The gift of presence has another meaning also. Werner Erhard (founder of est) once said, "The greatest gift you can give another is just to be with them."
As I have learned to be more present, I have seen how true Mr. Erhard’s insight is: when you are present with another, they often open up like a flower. Presence is like a calming wave flowing through you, and other people can relax in its wake.

Friday, August 8, 2014

Living with a Wild God

Review of Living with a Wild God, by Barbara Ehrenreich.

In a nutshell: Living With a Wild God is the story of a rational, scientific-minded atheist wrestling with the meaning of a personal mystical experience.

Ms. Ehrenreich is an atheist, has been all of her life. And she is from a lineage of atheists that goes back to her great-grandmother (the great-grandma was Catholic and the priest wouldn’t show up when her father was dying unless they paid him $25; a few years later she was dying in childbirth, when the priest showed up, put a crucifix on her chest and started administering the last rites she hurled the crucifix against the wall.) 

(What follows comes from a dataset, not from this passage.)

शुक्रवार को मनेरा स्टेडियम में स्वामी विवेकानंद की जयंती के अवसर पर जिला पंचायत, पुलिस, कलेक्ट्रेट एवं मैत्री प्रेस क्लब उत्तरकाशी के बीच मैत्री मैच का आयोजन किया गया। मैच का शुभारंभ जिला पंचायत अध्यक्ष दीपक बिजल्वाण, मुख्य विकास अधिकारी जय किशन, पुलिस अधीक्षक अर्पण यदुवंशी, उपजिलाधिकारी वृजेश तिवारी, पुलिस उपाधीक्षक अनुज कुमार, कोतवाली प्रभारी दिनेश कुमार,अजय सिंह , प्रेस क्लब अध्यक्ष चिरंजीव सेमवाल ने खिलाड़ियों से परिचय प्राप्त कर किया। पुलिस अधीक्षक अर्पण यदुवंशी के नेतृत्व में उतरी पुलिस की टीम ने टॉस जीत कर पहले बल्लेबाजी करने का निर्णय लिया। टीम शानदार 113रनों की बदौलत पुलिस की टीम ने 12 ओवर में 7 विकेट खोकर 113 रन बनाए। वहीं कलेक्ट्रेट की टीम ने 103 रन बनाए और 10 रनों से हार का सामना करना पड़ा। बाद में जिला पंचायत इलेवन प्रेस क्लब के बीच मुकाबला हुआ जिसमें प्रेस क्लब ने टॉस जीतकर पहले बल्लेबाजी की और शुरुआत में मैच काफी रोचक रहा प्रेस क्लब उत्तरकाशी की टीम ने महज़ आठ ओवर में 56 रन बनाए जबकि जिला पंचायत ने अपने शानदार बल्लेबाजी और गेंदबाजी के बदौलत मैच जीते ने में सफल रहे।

But as a young teen-ager Ms. Ehrenreich was obsessed with the quest to find the “Truth”; in other words to find answers to such questions as why are we here, what is the point of life? At the same time she started having experiences where her perception would dissolve, like all the boundaries around separate objects disappeared. She had trouble putting the experiences into words in the journal she kept at the time, and the best word she could come up for it was “disassociation.”

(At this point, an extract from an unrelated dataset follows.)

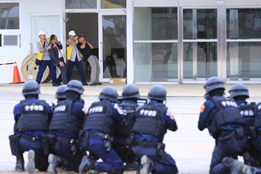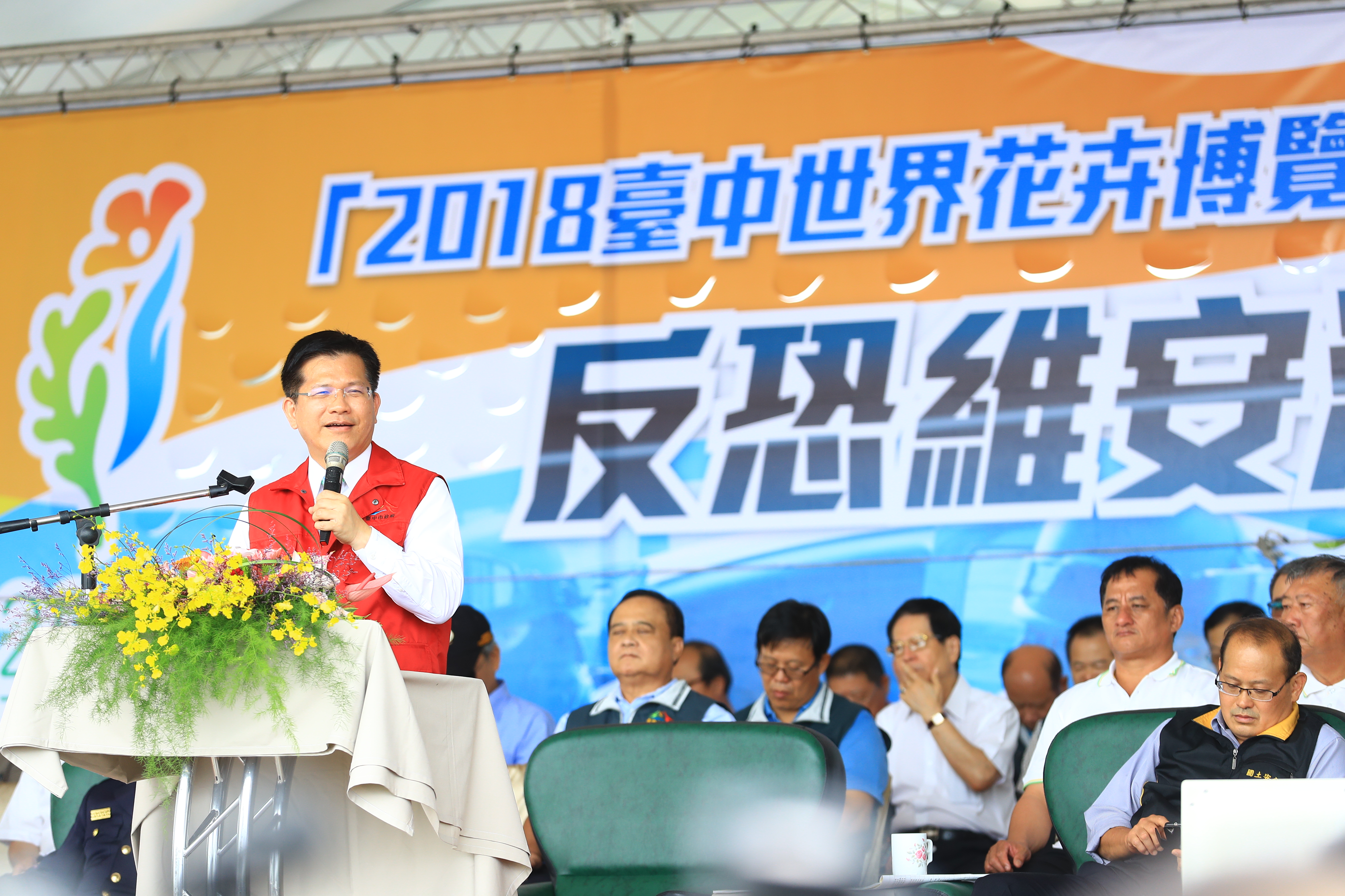 警察局今日舉辦「2018台中世界花卉博覽會反恐維安演練」,林市長在警察局長楊源明的陪同下出席,包括行政院國土安全辦公室副主任黃正方、內政部警政署保安組科長王炳睿、內政部警政署保安警察第一總隊主秘邱聰雲、國安局中部工作站站長許清仁、台中市後備指揮部指揮官蘇淵銓、調查局台中市調查處副處長陳秀芬及多位市府市政顧問等人均到場。

Then one day when she was 17 she had a profound experience, which, again, she struggles to express. Her best metaphor is of fire: 
the world flamed into life…There were no visions, no prophetic voices or visits by totemic animals, just this blazing everywhere. Something poured into me and I poured out into it. This was not the passive beatific merger with ‘the All,’ as promised by the Eastern mystics. It was a furious encounter with a living substance that was coming at me through all things at once, and one reason for the terrible wordlessness of the experience is that you cannot observe fire really closely without becoming part of it.
Because she had no framework for this experience, in the ensuing months she struggled to keep her equanimity. She worried she was mentally ill. Soon she left for college and the existential crisis passed.
Her father was a scientist, and she assumed from an early age she would become a scientist. She ended up getting a PhD in biochemistry, although she has never worked in the field. Instead she became a political activist and social scientist, writing such books as Nickel and Dimed about her attempts to live on minimum wage (imagine, a social scientist who experiments on herself).